902

Case No. 13,222.

SPEAR v. ABBOTT et al.1

Circuit Court, District of Columbia.

Sept. 21, 1859.

PATENTS—PRACTICE—RULES FOR TAKING TESTIMONY—COMMISSIONER.

[1. The rule which requires a party to examine all his witnesses in chief before closing Ms opening examination only applies in a common-law tribunal in jury causes. It is not applicable in an interference ease before the commissioner of patents.]

[2. The power to make regulations for the taking of testimony in contested cases in the patent office is expressly conferred on the commissioner (Act March 3, 1839, § 12; 5 Stat. 355), and is not subject to any control or revision on appeal.]

[3. Priority of invention of a combination of features to produce gas-burning stoves awarded to Abbott and Lawrence.]

[Appeal by James Spear from decision of the commissioner of patents on an interference declared, awarding to J. G. Abbott and A. Lawrence a patent as prior inventors of a certain combination of features to produce gas-burning stoves.]
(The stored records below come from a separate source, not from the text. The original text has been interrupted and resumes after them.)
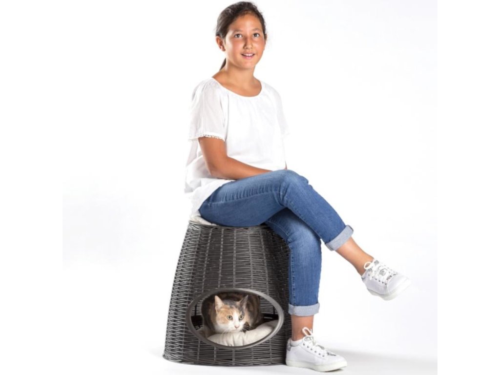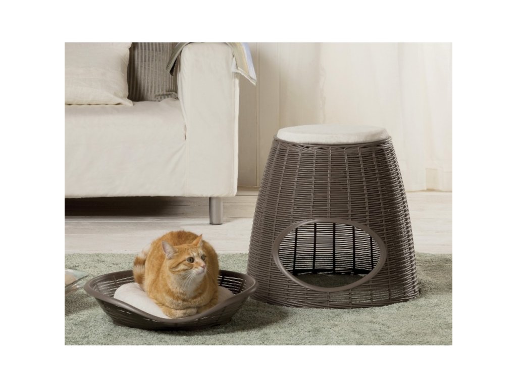 Elegantní uzavřený domeček/bouda ve tvaru kukaně, kde se bude vašim mazlíčkům líbit, kde budou rádi odpočívat a schovávat se. Na vrchní část můžete bezpečně upevnit odnímatelný plastový pelíšek s polštářem, nebo pelíšek snadno přeměnit na pohodlnou stoličku se sedákem s max. nosností 70 kg.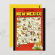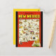 This postcard features a vintage illustration of a map of New Mexico.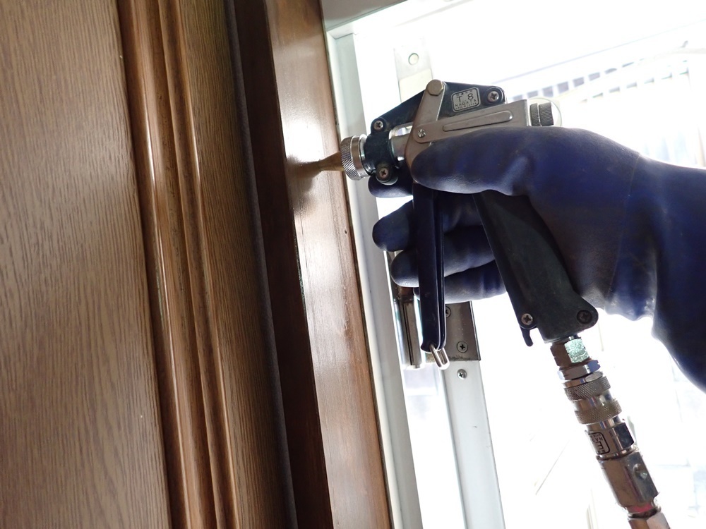 コンプレッサーで圧をかけて薬剤を浸透させる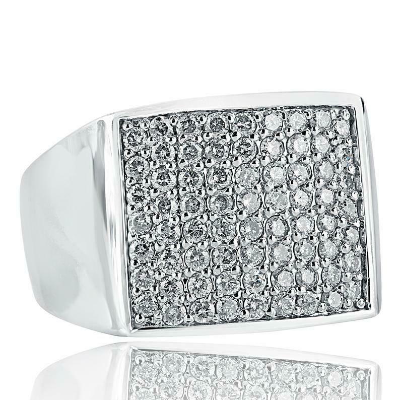 2.7ct Round Cut Diamond Square Cluster Tiled Men Engagement Ring 14k White Gold Over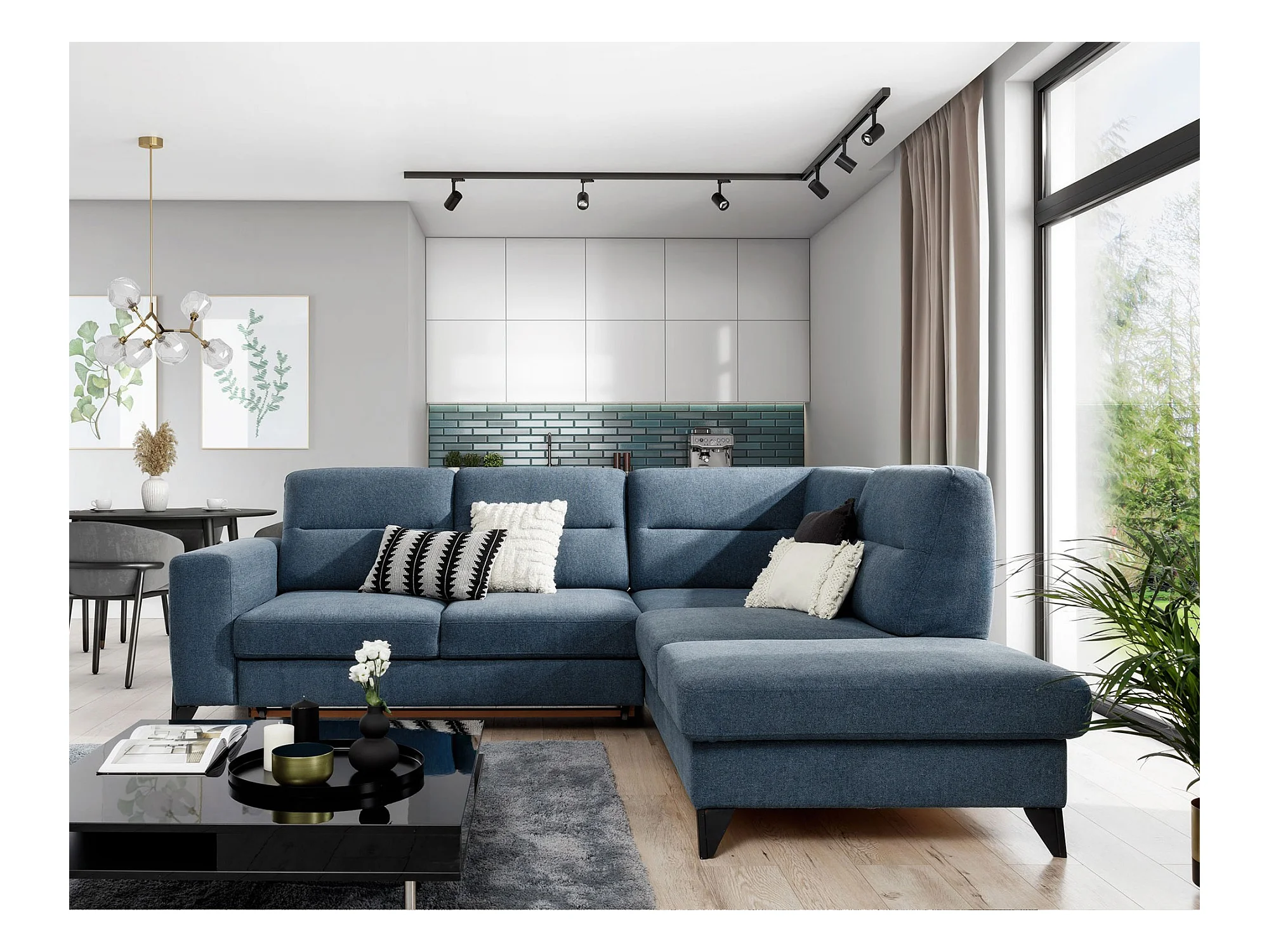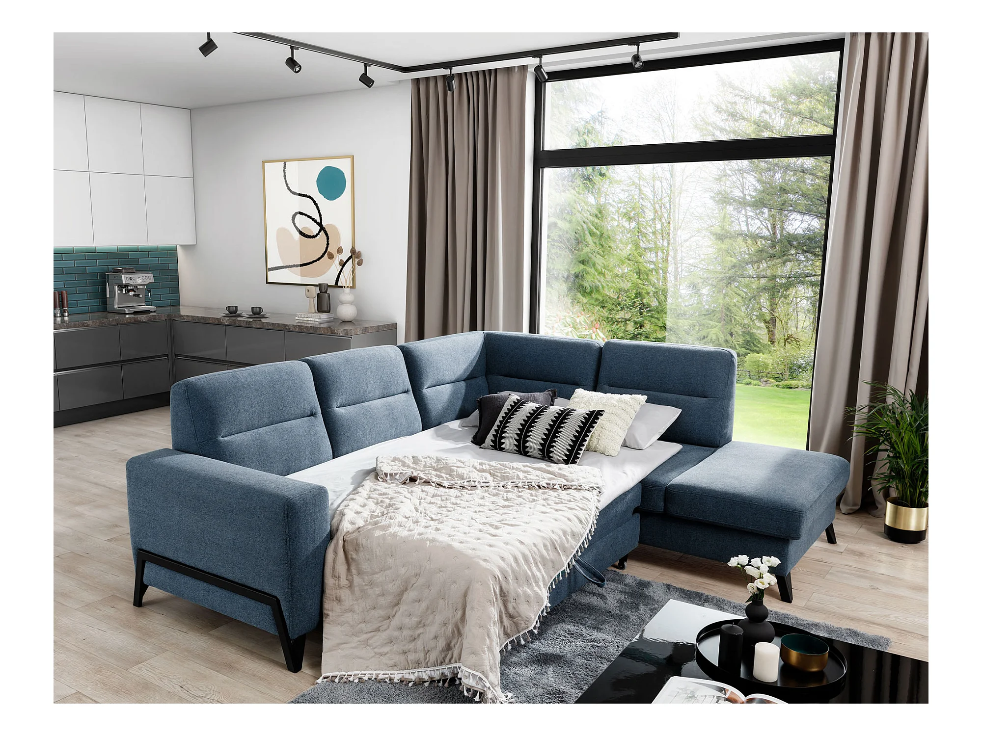 Canapé angle droit convertible tissu vert d'eau et pieds acier noir Kassidi 277cm

DUNLOP, Chief Judge. The specifications and claims of the parties litigant in this case, with the drawings filed in the office, show the inventions claimed by appellant and appellees to be substantially the same, and the question to be decided is, who was the prior inventor? If the testimony of Bell and Lawrence was legally taken, and properly before the commissioner, and before me on appeal, there can be no doubt the appellees have established their priority, as inventors. It has accordingly been earnestly maintained by the counsel for Spear that the depositions of these witnesses must be excluded. He invokes the protection of the rule of practice in the courts of England and this country in the trial of common-law causes before a jury, which requires a party to examine all his witnesses in chief before he closes his opening examination, and forbids afterwards the introduction of any other than rebutting proof. This rule in jury trials produces order and method and expedition in the transaction of business, and promotes fairness and prevents fraud in the conduct of common-law causes. It makes a party show his hand to his adversary, prevents his splitting up his proof and retaining part for reply, and defeats the fraudulent purpose, if such exists, to make evidence to overcome and fit the defense. But the rule has no application in equity, or admiralty, or in any other than a common-law tribunal, in jury causes.
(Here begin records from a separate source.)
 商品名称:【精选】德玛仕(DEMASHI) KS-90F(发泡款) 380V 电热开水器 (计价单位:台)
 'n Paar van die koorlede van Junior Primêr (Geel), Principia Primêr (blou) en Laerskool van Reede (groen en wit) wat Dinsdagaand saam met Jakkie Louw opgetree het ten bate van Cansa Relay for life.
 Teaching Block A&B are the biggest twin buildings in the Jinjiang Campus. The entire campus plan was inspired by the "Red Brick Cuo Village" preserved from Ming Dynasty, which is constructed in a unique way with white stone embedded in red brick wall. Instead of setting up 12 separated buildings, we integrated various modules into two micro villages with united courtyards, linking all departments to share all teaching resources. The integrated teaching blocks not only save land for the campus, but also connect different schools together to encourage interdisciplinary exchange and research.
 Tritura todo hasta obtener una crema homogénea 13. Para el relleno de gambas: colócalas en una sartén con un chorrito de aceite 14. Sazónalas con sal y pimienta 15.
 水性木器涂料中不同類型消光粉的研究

The proceedings in the patent office in contested cases have no resemblance to trials at law. The testimony is not taken before the commissioner of patents at the place of trial, but, as in equity, before a commissioner, at the place of residence of the witnesses, without any compulsory power in the patent office to coerce their attendance, and who may be scattered over the country, at remote and distant points from each other. The commissioner in the first instance, and the judge on appeal, decides both law and fact without the intervention of a jury. Besides, by section 12 of the act of congress of March 3, 1839, the power to make regulations for the taking of testimony in contested eases, in the patent office is expressly conferred on the commissioner, not subject to any control or revision by the appellate judge. In virtue of this power the following regulations have been adopted: Rule 41: “Upon the declaration of an interference, a day will be fixed for closing the testimony, and a further day fixed for the hearing of the cause. Previous to this latter day, the arguments of counsel must be filed, if at all.” Rule 86: “That before the deposition of witnesses be taken, by either party, reasonable notice shall be given to the opposite party of the time and place, when and where, such deposition or depositions will be taken, so that the opposite party may cross-examine,” etc., “and such notice shall with proof of service of the same, be attached to the deposition or depositions, whether the party cross-examine or not, and such notice shall be given in sufficient time for the appearance of the opposite party, and for the transmission of the evidence to the patent office before the day of hearing.”

These rules of the commissioner, made under the authority of the act of congress to which I have referred, give to either of the litigating parties the right to take depositions, without restraint, up to the day of hearing fixed by the office, or to a day near enough to give time for the transmission of the evidence to the patent office. While these rules are in existence, the parties are bound by them, and the judge on appeal must give effect to them, and, as the disputed depositions of Bell and Lawrence have been taken in conformation with the rules, they are properly and legally in the case. I add that the decision and practice of the office are in harmony with these rules, and the appellees had a right to rely upon them. If the rules are abused, and work wrong which I do not mean to say, the commissioner has power to alter them, but such alteration could only operate prospectively.

These witnesses last referred to are not impeached, and they prove priority of invention for the appellees. It is argued that they contradict and falsify Sailor and Smith, the former witnesses of appellees, which appellees cannot lawfully do, as it is against law for a party to discredit his own witness; but this is not so. There is no contradiction, no necessary conflict. Sailor and Smith may have truly stated the time when the invention first came to their knowledge, and the other witnesses may have testified, also truly, to earlier dates, within their knowledge. 903 As the appellees made their application to the office for a patent within two years after perfecting their invention and reducing it to practice, I think the commissioner properly awarded them a patent; and I do this 21st September, 1859, affirm the judgment of the commissioner, of date the 8th day of August, 1859. I herewith return all the papers and models to the office, with this my opinion and judgment, this 21st September, 1859.